» **What to produce**: The task calls for each record to be given again unchanged, minus any pictures.

[[ Task material open ]]

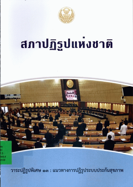 สภาปฏิรูปแห่งชาติ วาระปฏิรูปพิเศษ 13 : แนวทางการปฏิรูประบบประกันสุขภาพ / สำนักงานเลขาธิการสภาผู้แทนราษฎร ปฏิบัติหน้าที่สำนักงานเลขาธิการสภาปฏิรูปแห่งชาติ.
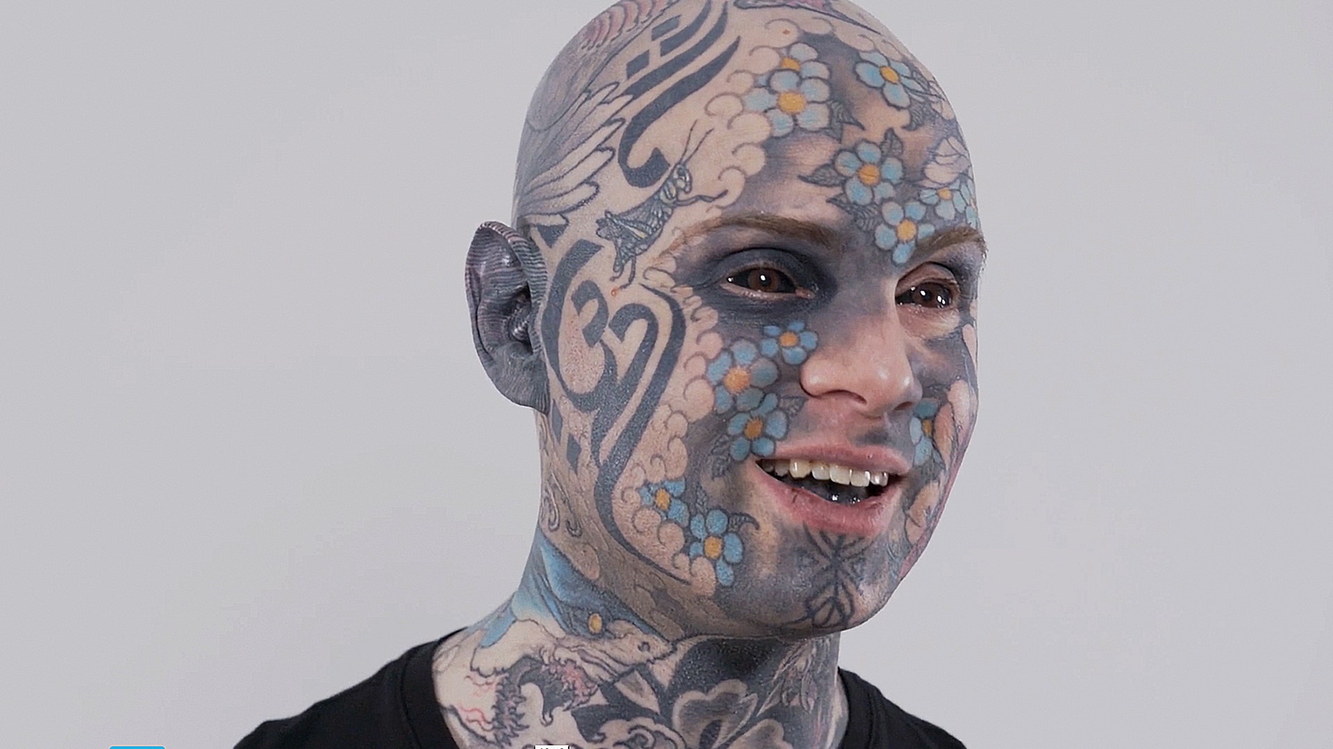 Sylvain Hélaine de son vrai nom, alias Freaky Hoody, s’est fait tatouer le corps, le visage, la langue et même l’intérieur des yeux.
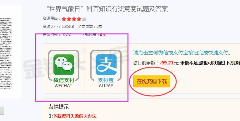 如果你在下载文档时,系统提示您的金币不足,可以采用快捷支付完成付款,毕竟你可能大多数时候只是需要一份文档……
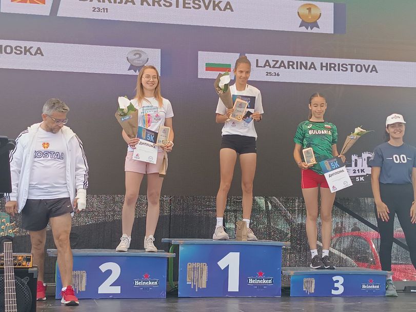 България имаше още един повод за радост, като в надпреварата на 5 км, където след отлично бягане младата ни надежда Лазарина Христова, възпитаничка на треньорката Елена Николаева от Нови пазар, се класира на трета позиция при жените с 25:37 мин. Шампионка стана македонката Дария Кръстевска с 23:12 мин, а на второ място – нейната сънародничка Емили Иваноска с 25:27 мин.
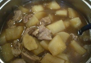 Задушени телешки гърди с картофи.
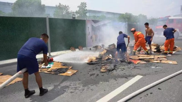 8月23日上午,上饶经济技术开发区消防救援大队岗哨执勤人员发现对面马路一辆三轮车上的纸壳发生自燃,(火灾处于初期阶段,明火较小),立即通知消防救援人员进行扑救。
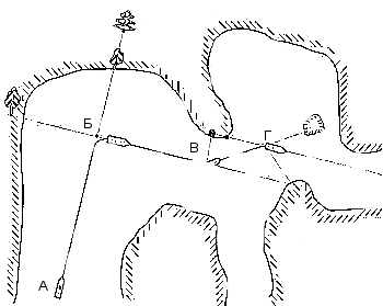 На представленном рисунке схематично показано, что судоводитель из точки А следует на катере по линии, соединяющей два приметных и отстоящих друг от друга на расстоянии дерева. В точке Б катер ложится на курс таким образом, чтобы нос судна был направлен на оконечность выступающего приметного мыса, а строго по корме находилось приметное (одиночное) дерево. При этом катер находится на линии, соединяющей указанные приметы. Когда с левого борта под прямым углом к курсу (на траверзе) будет находиться большой валун, а справа - левый берег впадающего в реку ручья (точка В), катер направляется курсом на центр небольшого острова и в точке Г на траверзе ранее упомянутого мыса, поворачивает вправо так, чтобы находящиеся по корме приметный одиночный камень (ближний ориентир) и валун были на одной линии (в створе). Примерно по этому сценарию действуют судоводители маломерных судов на водных объектах, не имеющих навигационной обстановки. При этом ориентиры (приметы) и курсы относительно их выбираются судоводителем на практике для различных уровней воды в процессе самостоятельного плавания и сведений, получаемых от других знающих данный участок судоводителей.
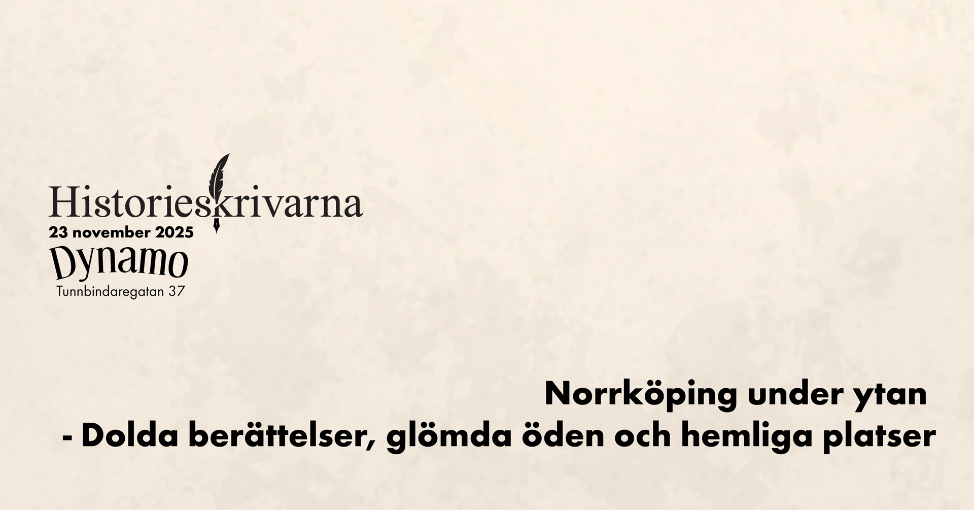 Föreningen Historieskrivarna arrangerar Norrköpings lokalhistoriska bokmässa för fjärde gången. Årets tema är ”Norrköping under ytan – dolda berättelser, glömda öden och hemliga platser”.
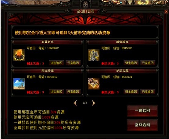 可用绑金和元宝代替活动立即完成牌,寻回未参与活动的经验。绑金找回50%的资源,元宝找回100%资源,同时加入了一键找回与至尊找回功能。
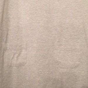 Hanes Gray T-shirt Dress with 2 front pockets, buttons on left shoulder, and 3/4 sleeves. Color is heather gray.
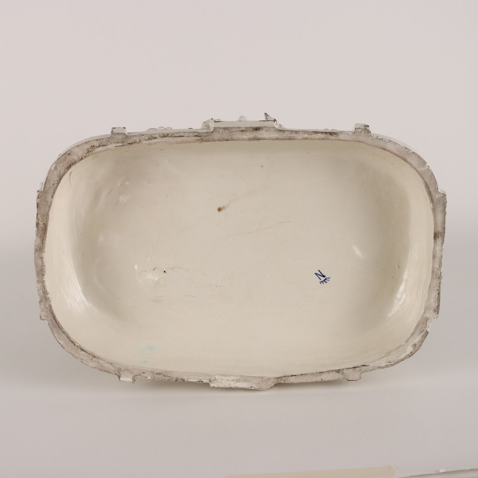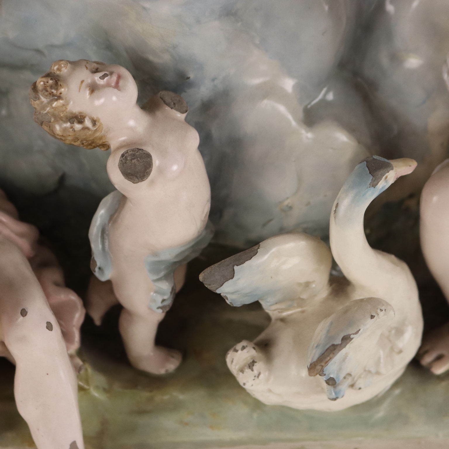 Gruppo scultoreo in ceramica policroma raffigurante Leda e il cigno. Sotto la base marchio della manifattura.
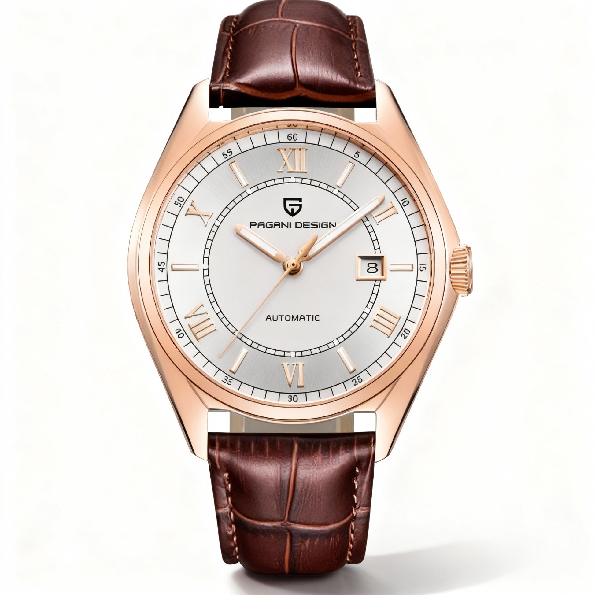 The Elegance Automatic Mechanical Watch represents a masterclass in balanced design, seamlessly integrating practical functionality with refined aesthetics.
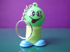 Spróbujmy przywiesić mu jeden ciężarek. Sprężynka się wydłuża - spróbuj odczytać o ile centymetrów (zauważ, że położenie nierozciągniętej sprężynki nie jest na początki linijki).
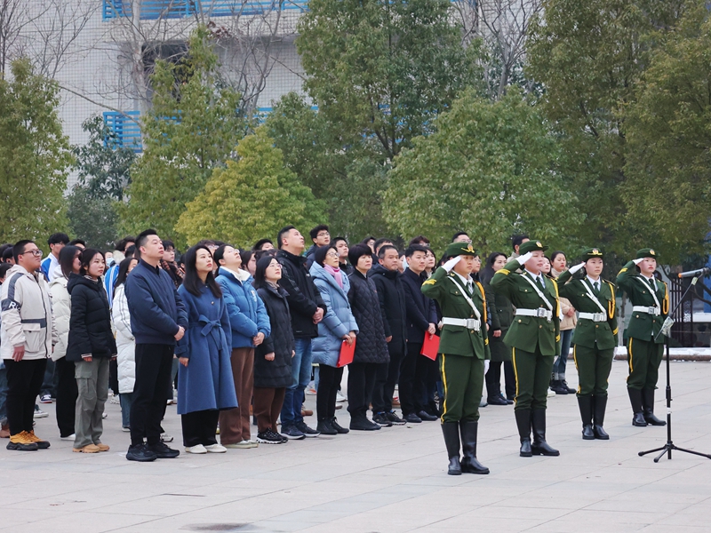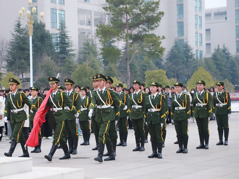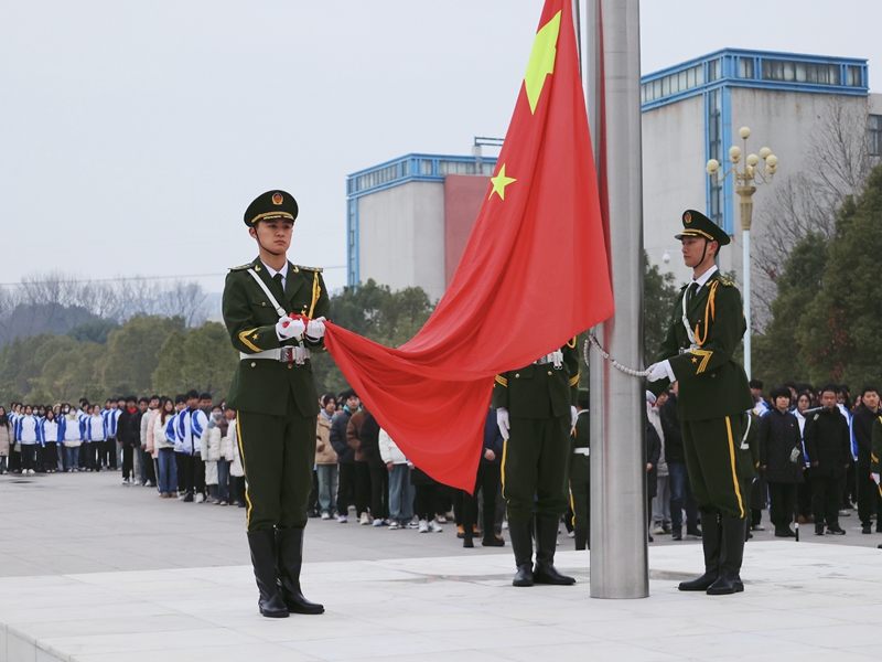 早晨七点整,仪式正式开始,校团委国旗护卫队的同学们姿态气宇轩昂,步伐铿锵有力,护送着鲜艳的五星红旗正步走向旗杆。在雄壮国歌声中,全体师生面向国旗肃立致礼,鲜艳的五星红旗徐徐上升,在晨曦中迎风飘扬。

[[ Task material closed ]]

» **Result of this task**:
 สภาปฏิรูปแห่งชาติ วาระปฏิรูปพิเศษ 13 : แนวทางการปฏิรูประบบประกันสุขภาพ / สำนักงานเลขาธิการสภาผู้แทนราษฎร ปฏิบัติหน้าที่สำนักงานเลขาธิการสภาปฏิรูปแห่งชาติ.
 Sylvain Hélaine de son vrai nom, alias Freaky Hoody, s’est fait tatouer le corps, le visage, la langue et même l’intérieur des yeux.
 如果你在下载文档时,系统提示您的金币不足,可以采用快捷支付完成付款,毕竟你可能大多数时候只是需要一份文档……
 България имаше още един повод за радост, като в надпреварата на 5 км, където след отлично бягане младата ни надежда Лазарина Христова, възпитаничка на треньорката Елена Николаева от Нови пазар, се класира на трета позиция при жените с 25:37 мин. Шампионка стана македонката Дария Кръстевска с 23:12 мин, а на второ място – нейната сънародничка Емили Иваноска с 25:27 мин.
 Задушени телешки гърди с картофи.
 8月23日上午,上饶经济技术开发区消防救援大队岗哨执勤人员发现对面马路一辆三轮车上的纸壳发生自燃,(火灾处于初期阶段,明火较小),立即通知消防救援人员进行扑救。
 На представленном рисунке схематично показано, что судоводитель из точки А следует на катере по линии, соединяющей два приметных и отстоящих друг от друга на расстоянии дерева. В точке Б катер ложится на курс таким образом, чтобы нос судна был направлен на оконечность выступающего приметного мыса, а строго по корме находилось приметное (одиночное) дерево. При этом катер находится на линии, соединяющей указанные приметы. Когда с левого борта под прямым углом к курсу (на траверзе) будет находиться большой валун, а справа - левый берег впадающего в реку ручья (точка В), катер направляется курсом на центр небольшого острова и в точке Г на траверзе ранее упомянутого мыса, поворачивает вправо так, чтобы находящиеся по корме приметный одиночный камень (ближний ориентир) и валун были на одной линии (в створе). Примерно по этому сценарию действуют судоводители маломерных судов на водных объектах, не имеющих навигационной обстановки. При этом ориентиры (приметы) и курсы относительно их выбираются судоводителем на практике для различных уровней воды в процессе самостоятельного плавания и сведений, получаемых от других знающих данный участок судоводителей.
 Föreningen Historieskrivarna arrangerar Norrköpings lokalhistoriska bokmässa för fjärde gången. Årets tema är ”Norrköping under ytan – dolda berättelser, glömda öden och hemliga platser”.
 可用绑金和元宝代替活动立即完成牌,寻回未参与活动的经验。绑金找回50%的资源,元宝找回100%资源,同时加入了一键找回与至尊找回功能。
 Hanes Gray T-shirt Dress with 2 front pockets, buttons on left shoulder, and 3/4 sleeves. Color is heather gray.
 Gruppo scultoreo in ceramica policroma raffigurante Leda e il cigno. Sotto la base marchio della manifattura.
 The Elegance Automatic Mechanical Watch represents a masterclass in balanced design, seamlessly integrating practical functionality with refined aesthetics.
 Spróbujmy przywiesić mu jeden ciężarek. Sprężynka się wydłuża - spróbuj odczytać o ile centymetrów (zauważ, że położenie nierozciągniętej sprężynki nie jest na początki linijki).
 早晨七点整,仪式正式开始,校团委国旗护卫队的同学们姿态气宇轩昂,步伐铿锵有力,护送着鲜艳的五星红旗正步走向旗杆。在雄壮国歌声中,全体师生面向国旗肃立致礼,鲜艳的五星红旗徐徐上升,在晨曦中迎风飘扬。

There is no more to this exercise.